● **TRY IT**: Could you output the entries that follow exactly, omitting any pictures they contain?

● **THE RECORDS**:
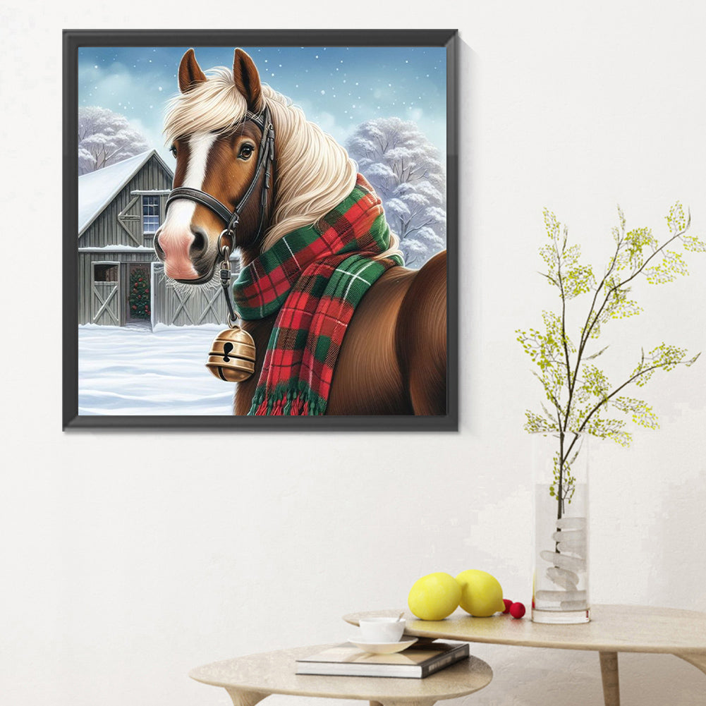 Pferde in der Schneeszene-Voller Diamond Painting-30x30cm
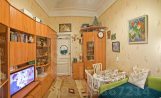 Квартира общей площадью 86.10 кв.м. В квартире сохранилась оригинальная лепнина, деревянные окна с латунными задвижками, две изразцовые печи: белая и темно-бирюзовая, дубовые полы в отличном состоянии. Высокие большие окна.
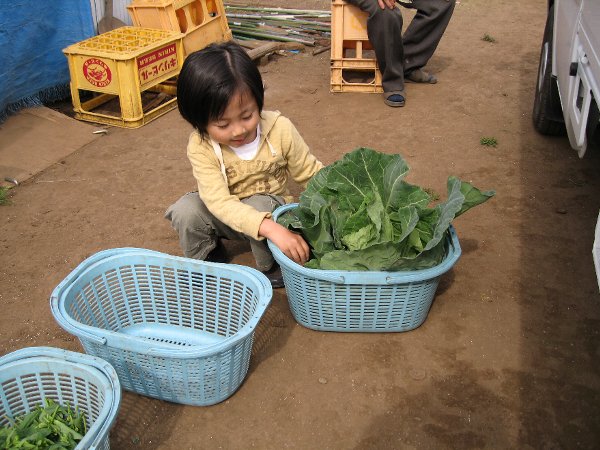 久しぶりの実家訪問。 おやじがすっかり爺さんになっていた。ビックリ。 誠也はキャベツの収穫に夢中。
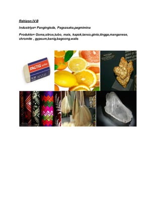 Mga Ibon Bigas- 347 Mais- 270 Niyog-210 Tubo-41 Abaca-20 Tabako-16 Iba. Mga Mineral Mga Pangunahing produkto ng bansa Mga karaniwang mineral sa Pilipinas. Mula noong 1880 ang South Africa ay.
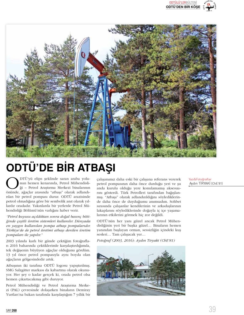 ODTÜ’yü elips şeklinde saran araba yolunun hemen kenarında, Petrol Mühendisliği – Petrol Araştırma Merkezi binalarının önünde, ağaçlar arasında “atbaşı” olarak adlandırılan bir petrol pompası durur. ODTÜ arazisinde petrol olmadığına göre bir sembolik anıt olarak yıllardır oradadır. Yakınlarda bir yerlerde Petrol Mühendisliği Bölümünün varlığını haber verir.
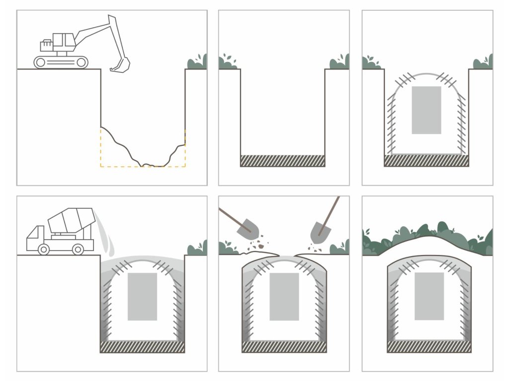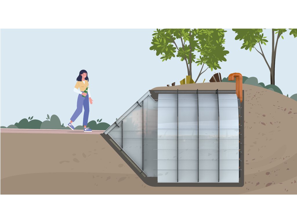 Jeho částečně zapuštěná konstrukce umožňuje snadnou, rychlou a cenově dostupnou instalaci. A s využitím části vytěžené zeminy můžete vytvořit násep nad sklepem pro tepelnou izolaci a estetický vzhled.
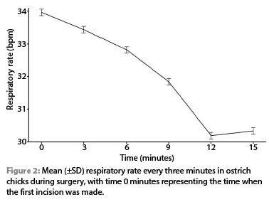 During surgery, the respiratory rate of individual chicks ranged between 16 and 52 breaths per minute, with a mean of 32 breaths per minute (Figure 2). The surgical procedure lasted between 11 and 18 minutes, with a mean of 13 minutes, and was associated with a curvilinear decline in respiratory rate (Figure 2). On average, the chicks regained consciousness within five minutes. All of the chicks recovered well from surgery, with no anaesthesia or surgery-related complications, and no deaths recorded for more than one month after surgery.
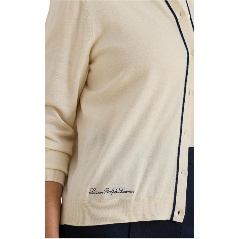 - Knitted with a soft blend of cotton and Modal, the Lauren Ralph Lauren Plus Size Two-Tone Cotton-Modal Cardigan features a two-tone design embroidered with Laurens script logo at the hem. This refined sweater features a buttoned front placket with buttons custom-developed with a Lauren Ralph Lauren logo. It is designed with long sleeves, ribbed cuffs, a ribbed crew neckline, and a straight hem.
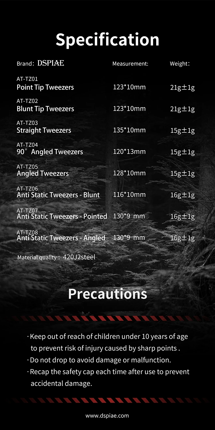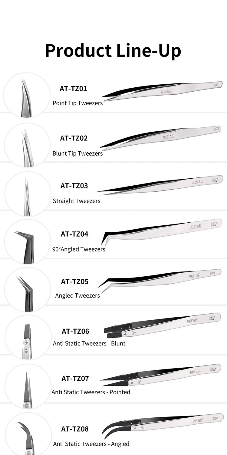 The AT-TZ series includes multiple tip styles so you can choose the best shape for the job—whether you need maximum visibility for decal placement, a flat tip for gripping, or angled heads for reaching into tight spaces. Selected versions also offer anti-static performance to reduce static cling when working with light films and tiny parts.
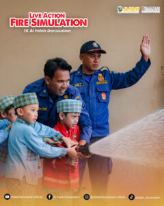 TK Al Falah Darussalam menggelar kegiatan edukatif bertajuk Live Action Fire Simulation pada Kamis, 22 Januari 2026. Kegiatan ini bertujuan mengenalkan konsep api, baik manfaat maupun bahayanya, kepada anak-anak usia dini melalui pengalaman langsung yang aman dan menyenangkan. Seluruh siswa mengikuti kegiatan dengan antusias didampingi oleh guru dan petugas pemadam kebakaran (Damkar).
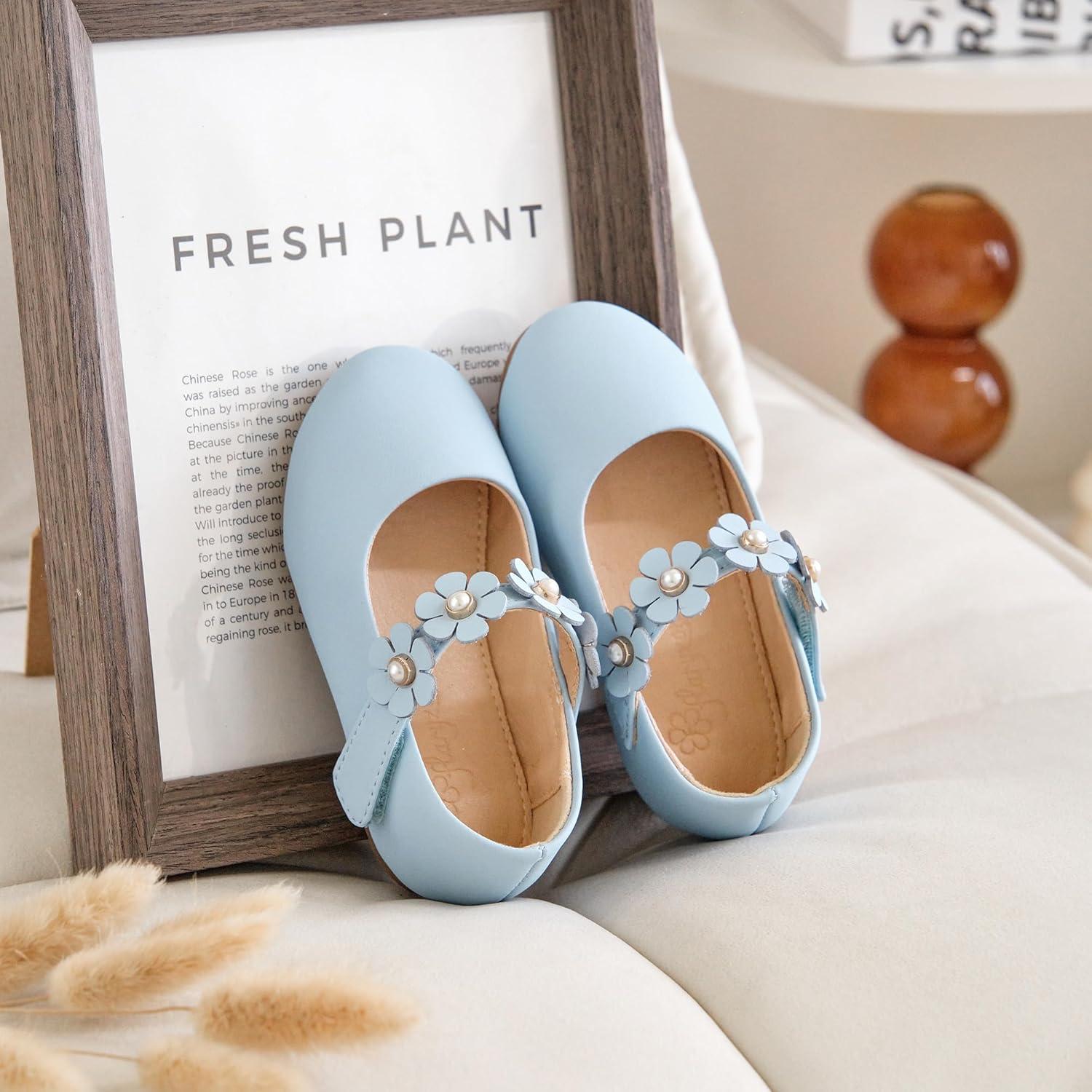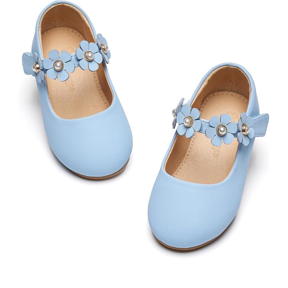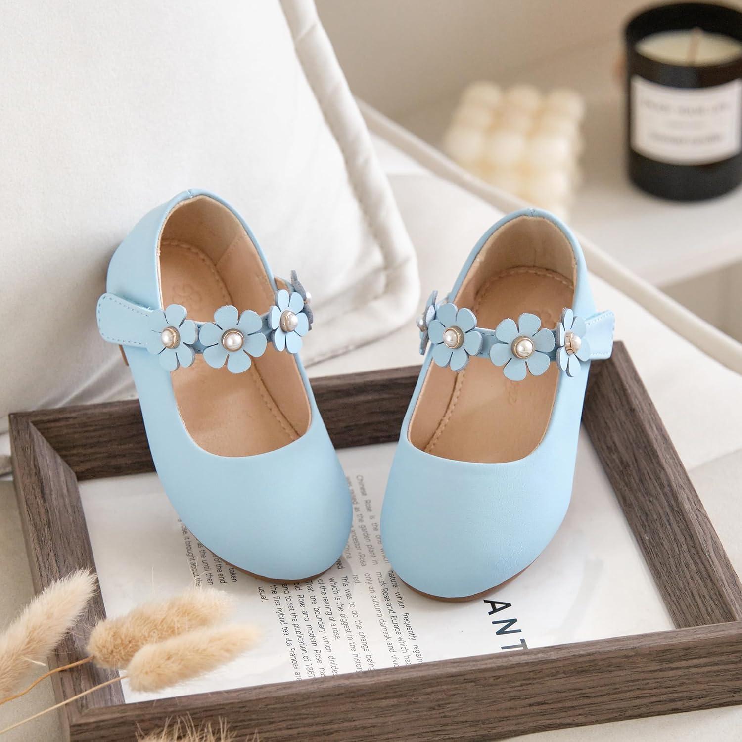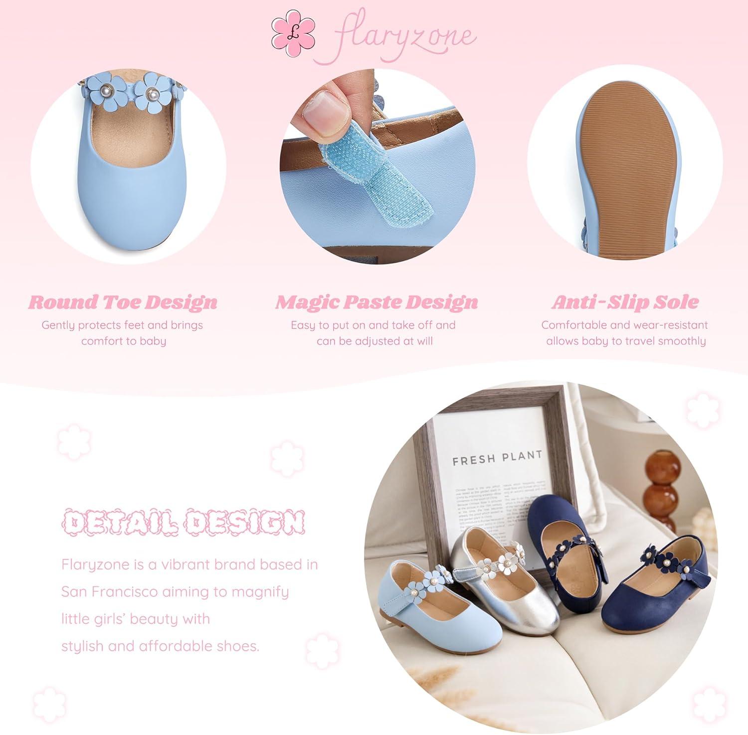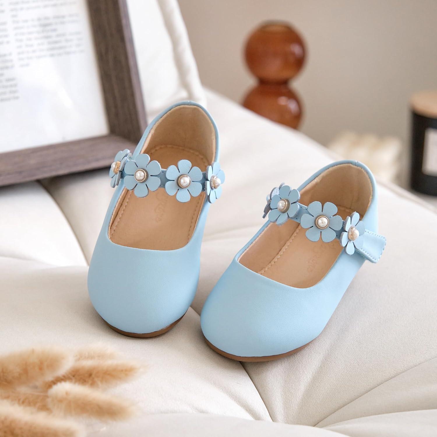 Flaryzone Toddler/Little Girls’ Ballerina Flat Mary Jane Princess Dress Shoes – Wedding School Party(Light Blue-fm18)

● **TASK SOLUTION**:
 Pferde in der Schneeszene-Voller Diamond Painting-30x30cm
 Квартира общей площадью 86.10 кв.м. В квартире сохранилась оригинальная лепнина, деревянные окна с латунными задвижками, две изразцовые печи: белая и темно-бирюзовая, дубовые полы в отличном состоянии. Высокие большие окна.
 久しぶりの実家訪問。 おやじがすっかり爺さんになっていた。ビックリ。 誠也はキャベツの収穫に夢中。
 Mga Ibon Bigas- 347 Mais- 270 Niyog-210 Tubo-41 Abaca-20 Tabako-16 Iba. Mga Mineral Mga Pangunahing produkto ng bansa Mga karaniwang mineral sa Pilipinas. Mula noong 1880 ang South Africa ay.
 ODTÜ’yü elips şeklinde saran araba yolunun hemen kenarında, Petrol Mühendisliği – Petrol Araştırma Merkezi binalarının önünde, ağaçlar arasında “atbaşı” olarak adlandırılan bir petrol pompası durur. ODTÜ arazisinde petrol olmadığına göre bir sembolik anıt olarak yıllardır oradadır. Yakınlarda bir yerlerde Petrol Mühendisliği Bölümünün varlığını haber verir.
 Jeho částečně zapuštěná konstrukce umožňuje snadnou, rychlou a cenově dostupnou instalaci. A s využitím části vytěžené zeminy můžete vytvořit násep nad sklepem pro tepelnou izolaci a estetický vzhled.
 During surgery, the respiratory rate of individual chicks ranged between 16 and 52 breaths per minute, with a mean of 32 breaths per minute (Figure 2). The surgical procedure lasted between 11 and 18 minutes, with a mean of 13 minutes, and was associated with a curvilinear decline in respiratory rate (Figure 2). On average, the chicks regained consciousness within five minutes. All of the chicks recovered well from surgery, with no anaesthesia or surgery-related complications, and no deaths recorded for more than one month after surgery.
 - Knitted with a soft blend of cotton and Modal, the Lauren Ralph Lauren Plus Size Two-Tone Cotton-Modal Cardigan features a two-tone design embroidered with Laurens script logo at the hem. This refined sweater features a buttoned front placket with buttons custom-developed with a Lauren Ralph Lauren logo. It is designed with long sleeves, ribbed cuffs, a ribbed crew neckline, and a straight hem.
 The AT-TZ series includes multiple tip styles so you can choose the best shape for the job—whether you need maximum visibility for decal placement, a flat tip for gripping, or angled heads for reaching into tight spaces. Selected versions also offer anti-static performance to reduce static cling when working with light films and tiny parts.
 TK Al Falah Darussalam menggelar kegiatan edukatif bertajuk Live Action Fire Simulation pada Kamis, 22 Januari 2026. Kegiatan ini bertujuan mengenalkan konsep api, baik manfaat maupun bahayanya, kepada anak-anak usia dini melalui pengalaman langsung yang aman dan menyenangkan. Seluruh siswa mengikuti kegiatan dengan antusias didampingi oleh guru dan petugas pemadam kebakaran (Damkar).
 Flaryzone Toddler/Little Girls’ Ballerina Flat Mary Jane Princess Dress Shoes – Wedding School Party(Light Blue-fm18)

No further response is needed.